Secret Life of Bees, The
United States, 2008
U.S. Release Date:
PG-13 (Violence, Profanity)
Theatrical Aspect Ratio:
Dakota Fanning, Queen Latifa, Jennifer Hudson, Alicia Keys, Sophie Okonedo, Paul Bettany
Gina Prince-Bythewood, based on the novel by Sue Monk Kidd
When it comes to movies that touch the heart, few have a more delicate yet undeniable impact than Gina Prince-Bythewood's The Secret Life of Bees. Adapted from the novel by Sue Monk Kidd, the production achieves something few literary interpretations succeed at: bringing out the inner voice of a character without resorting to an incessant voiceover. This is due in no small part to the mature, nuanced performance of Dakota Fanning, whose talent continues to develop as she ages. By resisting the temptation to over-emote, Fanning makes Lily an individual worthy of sympathy and admiration.
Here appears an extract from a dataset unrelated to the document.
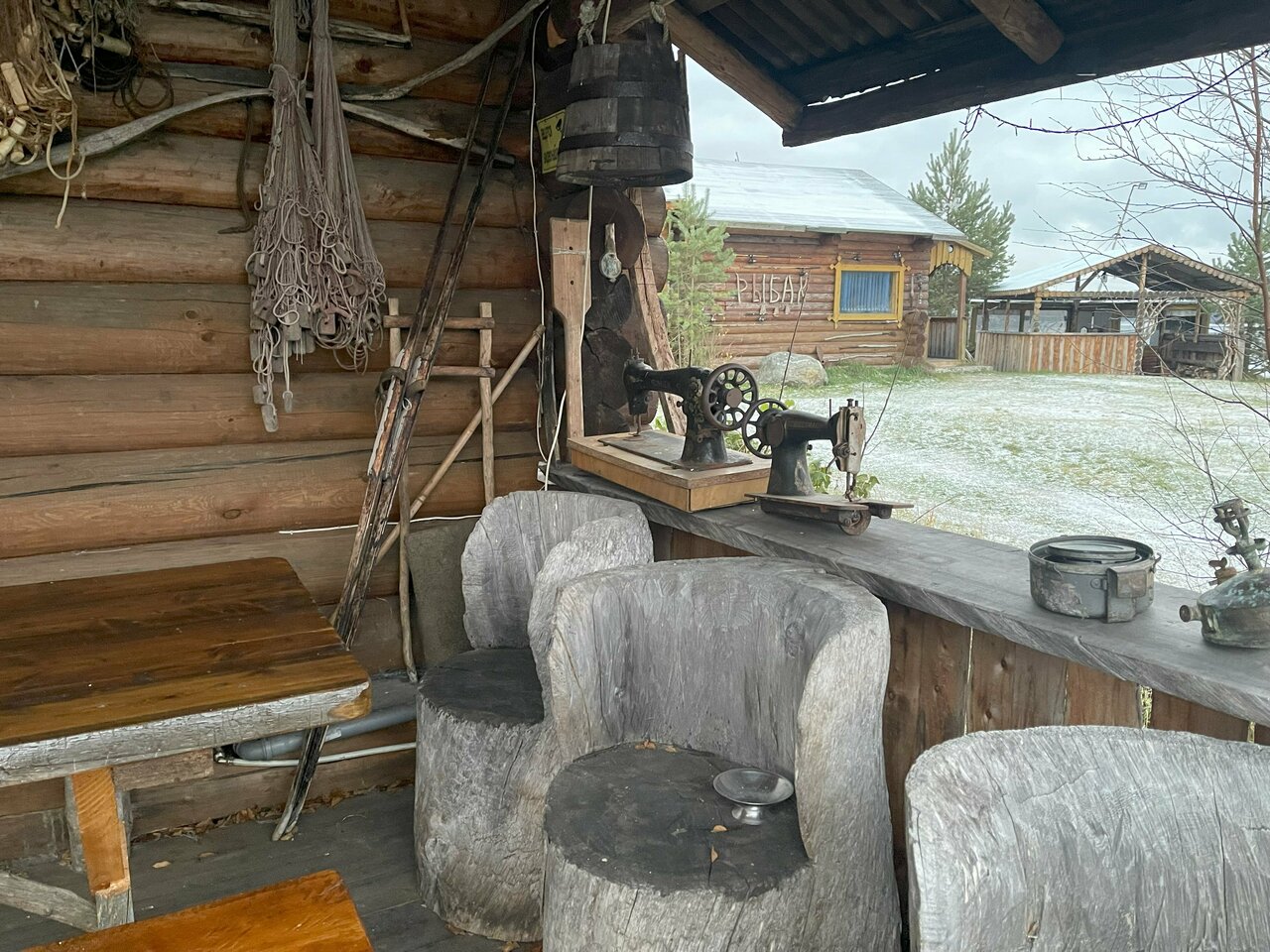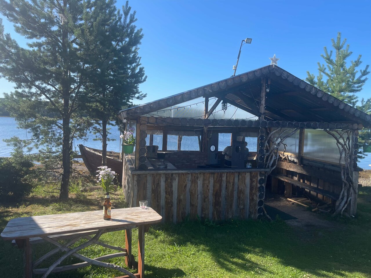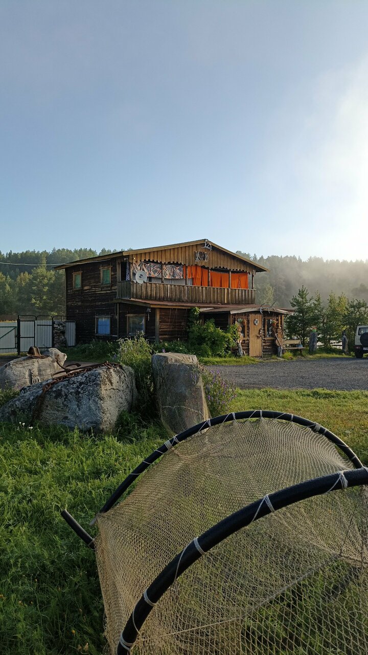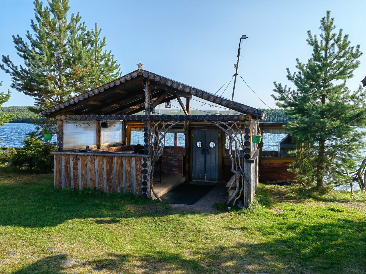 Очень душевное место! Даже захотела загородный дом в такое брутально-коряжно-половичковом исполнении! Вот прям зашло. Ощущение, что никого нет, только мы на этом мысу. Тихо, есть все необходимое (электроплитка и посуда на уличной кухне, там же мангал и место, где после ь за столом компанией — в корабле, закрытом от непогоды и ветров). И ЕДА! Готовят вкусно по предварительному заказу, приносят в контейнерах, разогреваем в микроволновке в доме тогда, когда нам жиру добно. И тазик супа, и ведро гарнира, и котлеты, и салат, и закуску какую-нибудь, и даже компот! Двух порций хватало на обед и ужин двум взрослым и пятилетке с лихвой. И очень вкусно, спасибо хозяйке! Правда, очень красиво, удобно, уединенно и спокойно!

The story unfolds against the backdrop of the Civil Rights tumult of 1964 in the South. The film's approach to bigotry and discrimination is unflinching. By not softening the edges of some of the racially charged confrontations, The Secret Life of Bees earns a PG-13 rating. In recent years, there has been an upswing in movies dealing with this period of American history (most of them about the integration of sports), but few have presented as honest an appraisal as this one. Often, elements are toned down in order to attain a PG rating. (The Express, for example.)
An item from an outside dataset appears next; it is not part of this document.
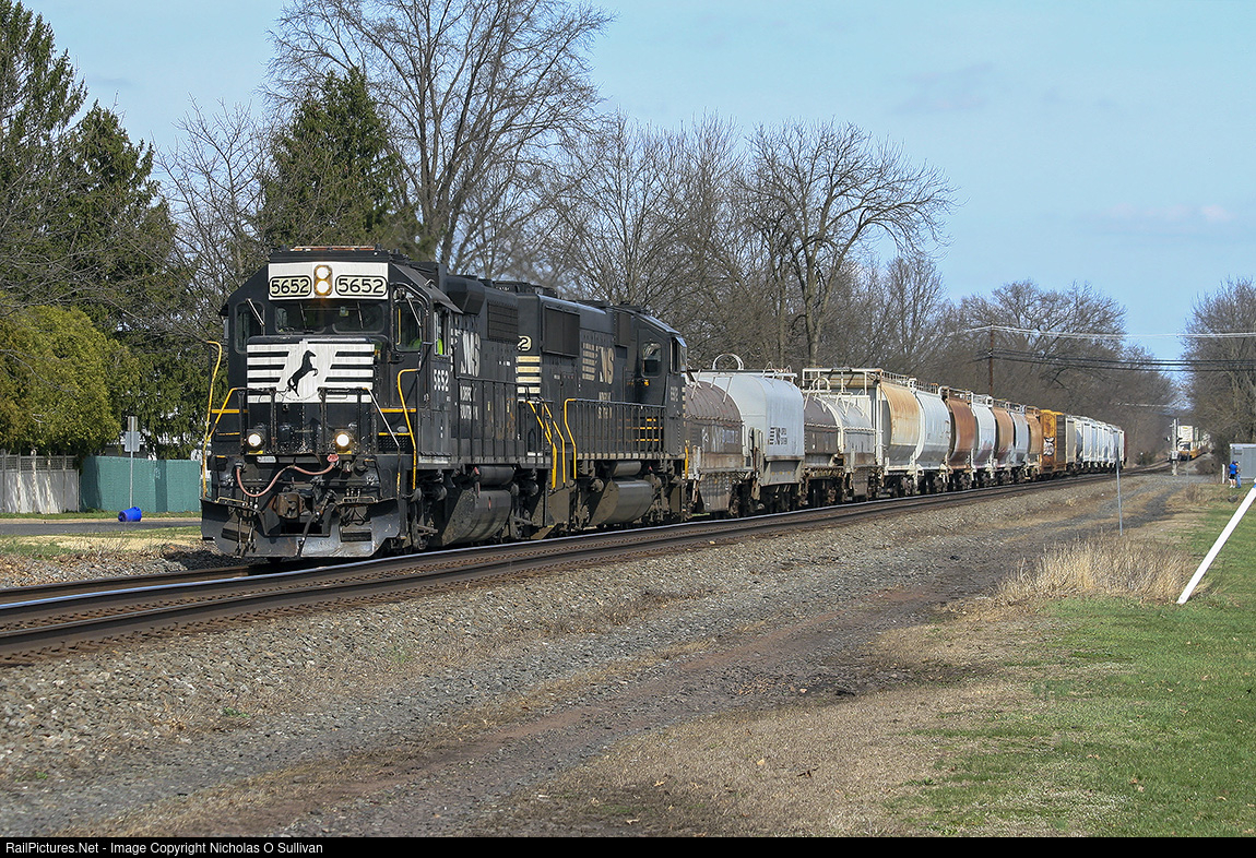 | On a warm March day, NS H76 heads west back to Allentown Yard on Norfolk Southern Lehigh Line Track #1 after serving Manville Yard. Behind the leader is NS 6972 (SD60E). The rear end NS 20K can be seen in the distance on Track #2. The leader was originally built as a GP38 for Penn Central as PC 7870, which went to Conrail as CR 7870, and then to Norfolk Southern as NS 2924. It was rebuilt into a GP38-2 as NS 5652 by Norfolk Southern in July of 2006. The trailing unit was rebuilt from SD60 NS 6605 in January of 2015. |

Lily Owens (Fanning) is a wise-beyond-her-age 14-year old whose primary education has been at the School of Hard Knocks. As we see in a prologue, she accidentally killed her mother when she was just four years old, and that event has shaped her life for a decade. Her father, T. Ray (Paul Bettany), is frequently drunk and more frequently neglectful. Her sole source of affection is her nanny, Rosaleen (Jennifer Hudson). It's a lonely life for Lily, but she endures because she has no choice.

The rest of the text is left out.